What is required - Reproduce exactly the line that contains "高さ42cmの収納庫です。消" and every line after it through the end of the records below, leaving out all pictures.
*** Opening Material provided ***
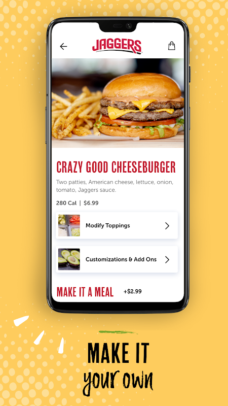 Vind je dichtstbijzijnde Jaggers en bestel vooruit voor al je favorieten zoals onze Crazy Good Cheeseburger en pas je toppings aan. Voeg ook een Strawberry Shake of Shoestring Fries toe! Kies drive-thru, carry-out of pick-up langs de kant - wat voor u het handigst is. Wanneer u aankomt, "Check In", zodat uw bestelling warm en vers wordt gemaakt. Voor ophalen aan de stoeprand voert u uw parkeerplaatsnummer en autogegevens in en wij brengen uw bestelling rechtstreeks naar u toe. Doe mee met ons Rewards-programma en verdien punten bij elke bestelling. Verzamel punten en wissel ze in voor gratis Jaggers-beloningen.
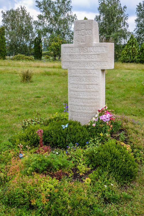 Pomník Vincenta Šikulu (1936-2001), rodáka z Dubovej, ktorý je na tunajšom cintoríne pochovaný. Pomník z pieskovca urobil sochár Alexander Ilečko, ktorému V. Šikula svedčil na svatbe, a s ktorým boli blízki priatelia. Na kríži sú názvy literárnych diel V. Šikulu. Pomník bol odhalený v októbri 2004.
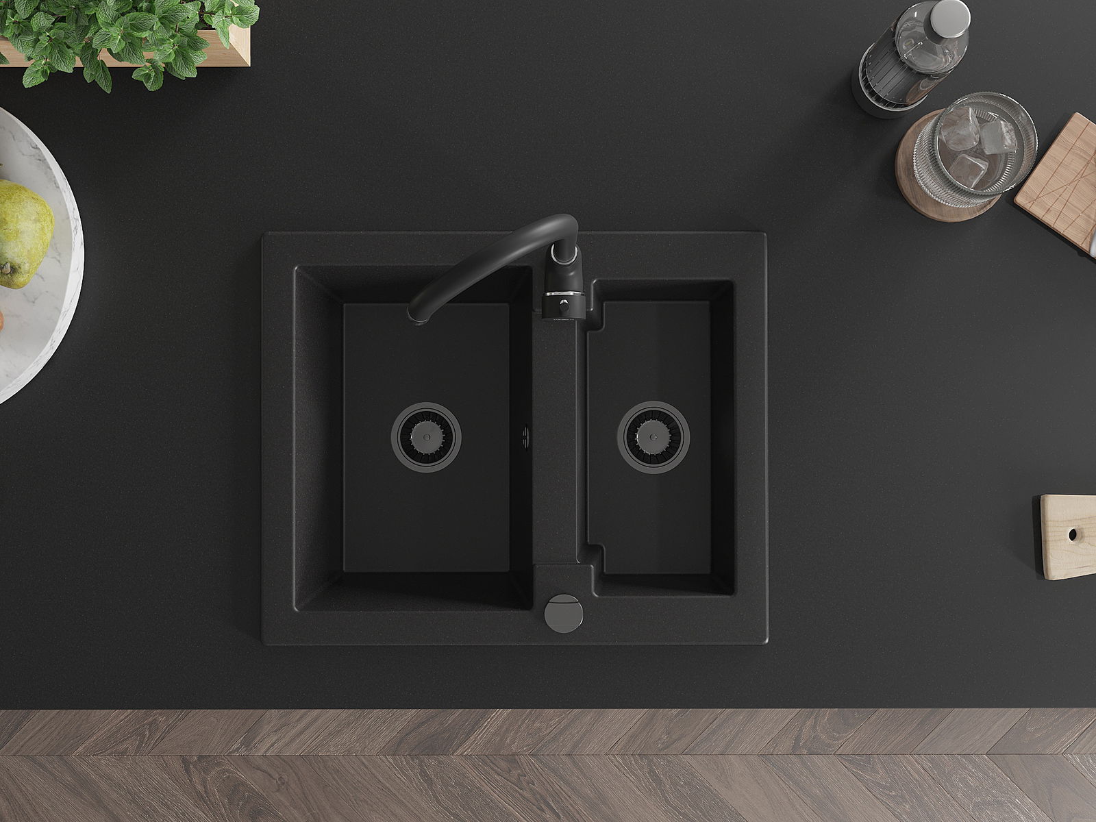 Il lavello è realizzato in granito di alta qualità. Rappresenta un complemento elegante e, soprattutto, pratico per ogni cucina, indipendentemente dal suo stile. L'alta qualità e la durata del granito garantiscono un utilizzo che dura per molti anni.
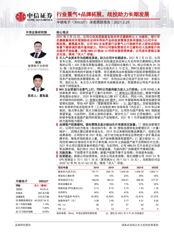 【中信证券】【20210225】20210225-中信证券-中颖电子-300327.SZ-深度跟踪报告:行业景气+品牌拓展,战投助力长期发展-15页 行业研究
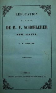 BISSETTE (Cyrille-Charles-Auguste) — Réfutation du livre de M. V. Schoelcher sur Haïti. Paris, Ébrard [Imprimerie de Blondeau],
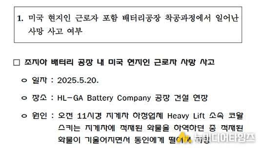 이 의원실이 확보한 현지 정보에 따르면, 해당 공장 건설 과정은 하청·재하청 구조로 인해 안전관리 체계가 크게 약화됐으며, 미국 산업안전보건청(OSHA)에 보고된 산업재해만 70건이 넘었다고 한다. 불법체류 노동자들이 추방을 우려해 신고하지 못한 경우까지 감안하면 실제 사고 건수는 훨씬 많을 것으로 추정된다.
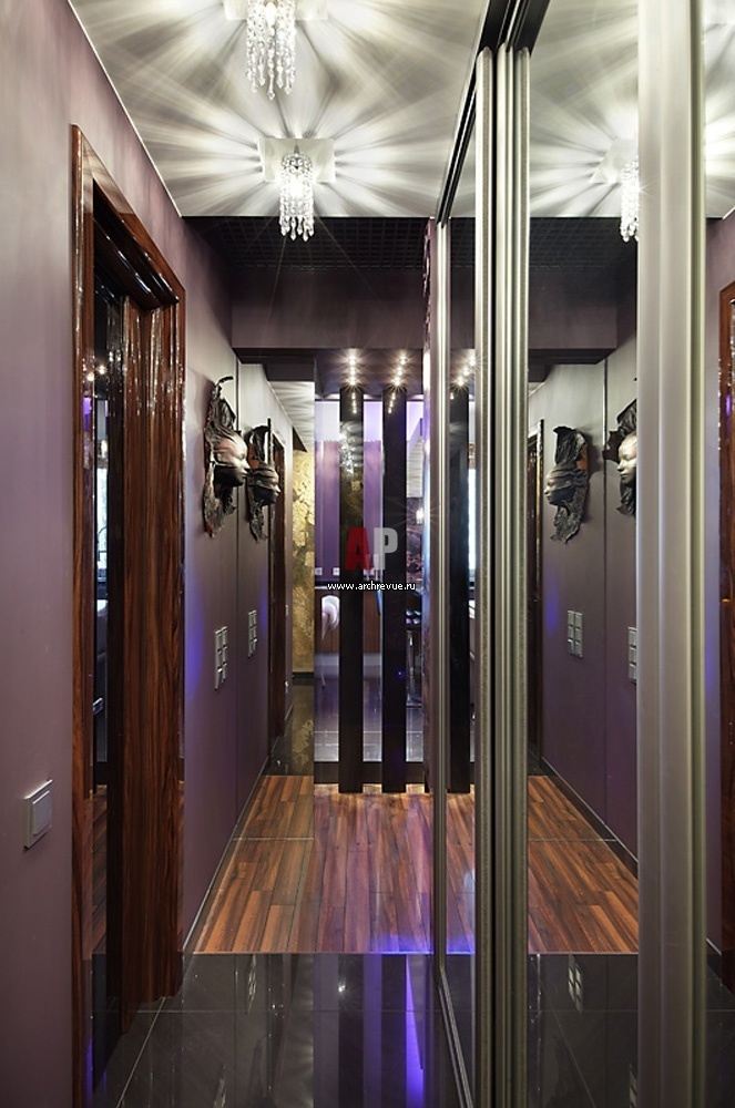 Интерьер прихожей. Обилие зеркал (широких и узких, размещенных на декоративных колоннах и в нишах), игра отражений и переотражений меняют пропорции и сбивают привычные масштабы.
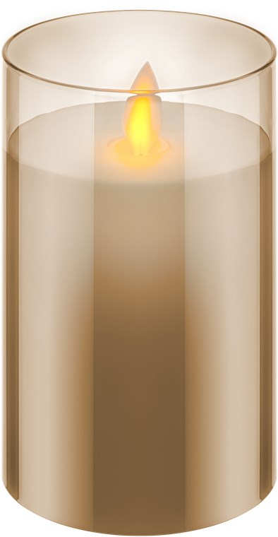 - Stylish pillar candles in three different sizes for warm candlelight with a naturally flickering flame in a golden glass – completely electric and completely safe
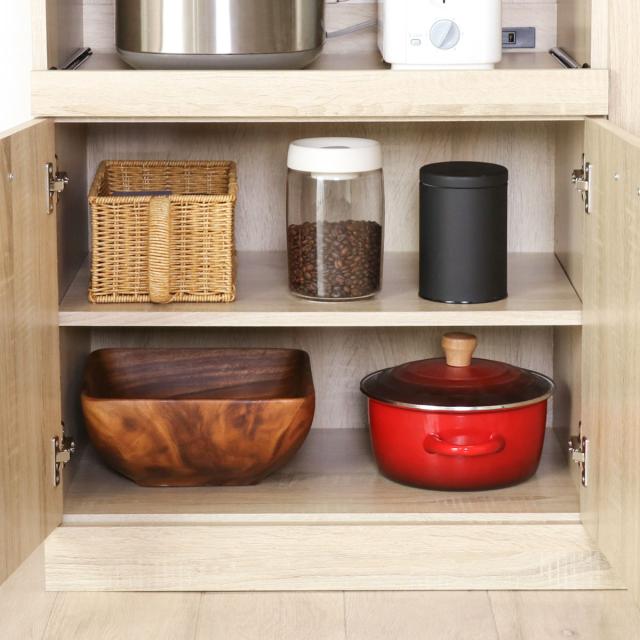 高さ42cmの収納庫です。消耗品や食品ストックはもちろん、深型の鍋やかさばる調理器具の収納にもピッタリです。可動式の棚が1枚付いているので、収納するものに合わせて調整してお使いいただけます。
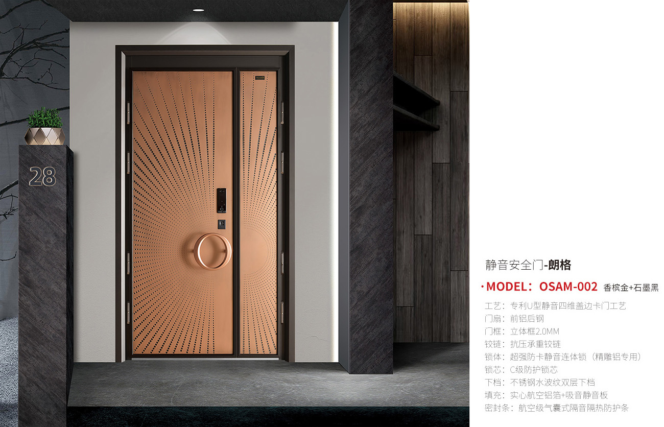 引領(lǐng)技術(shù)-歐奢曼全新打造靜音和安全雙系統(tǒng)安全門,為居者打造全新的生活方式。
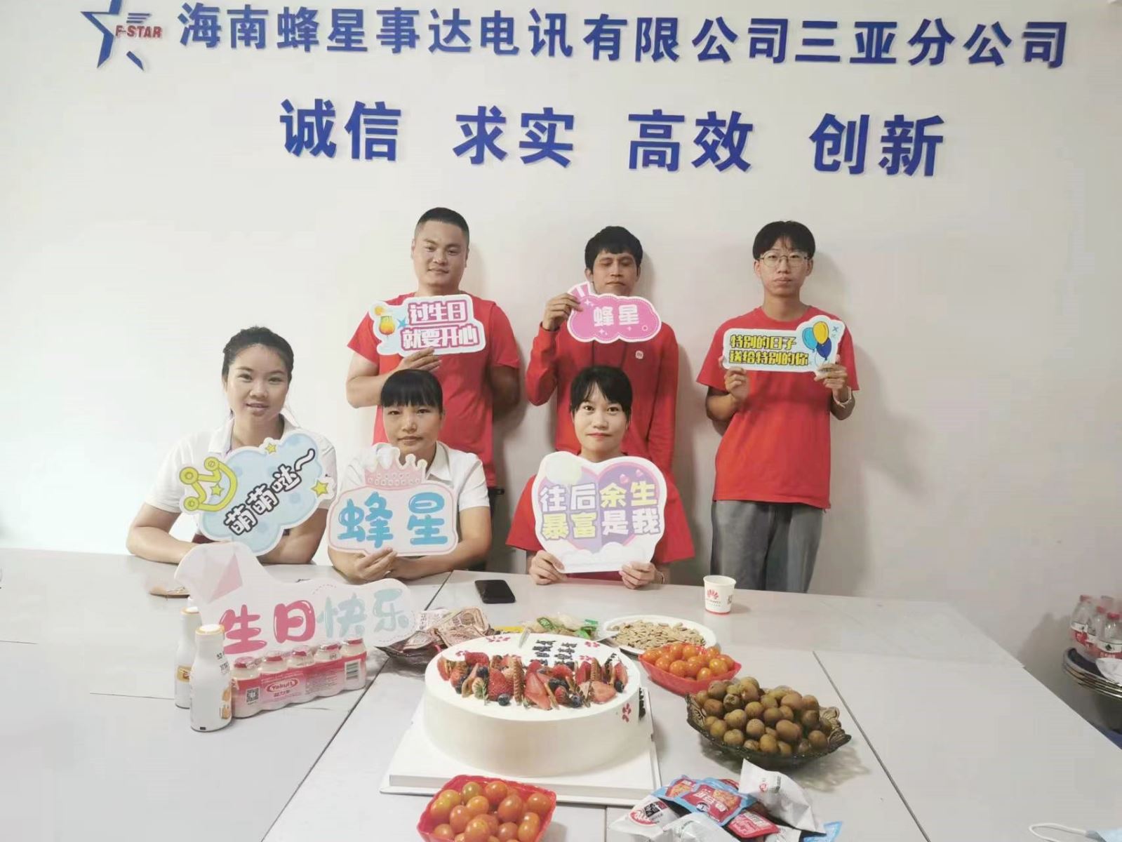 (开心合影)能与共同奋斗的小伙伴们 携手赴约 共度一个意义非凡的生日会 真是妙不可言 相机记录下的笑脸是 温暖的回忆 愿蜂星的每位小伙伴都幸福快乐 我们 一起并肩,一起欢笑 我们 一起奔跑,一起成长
*** Closing Material provided ***
Exercise solution -
 高さ42cmの収納庫です。消耗品や食品ストックはもちろん、深型の鍋やかさばる調理器具の収納にもピッタリです。可動式の棚が1枚付いているので、収納するものに合わせて調整してお使いいただけます。
 引領(lǐng)技術(shù)-歐奢曼全新打造靜音和安全雙系統(tǒng)安全門,為居者打造全新的生活方式。
 (开心合影)能与共同奋斗的小伙伴们 携手赴约 共度一个意义非凡的生日会 真是妙不可言 相机记录下的笑脸是 温暖的回忆 愿蜂星的每位小伙伴都幸福快乐 我们 一起并肩,一起欢笑 我们 一起奔跑,一起成长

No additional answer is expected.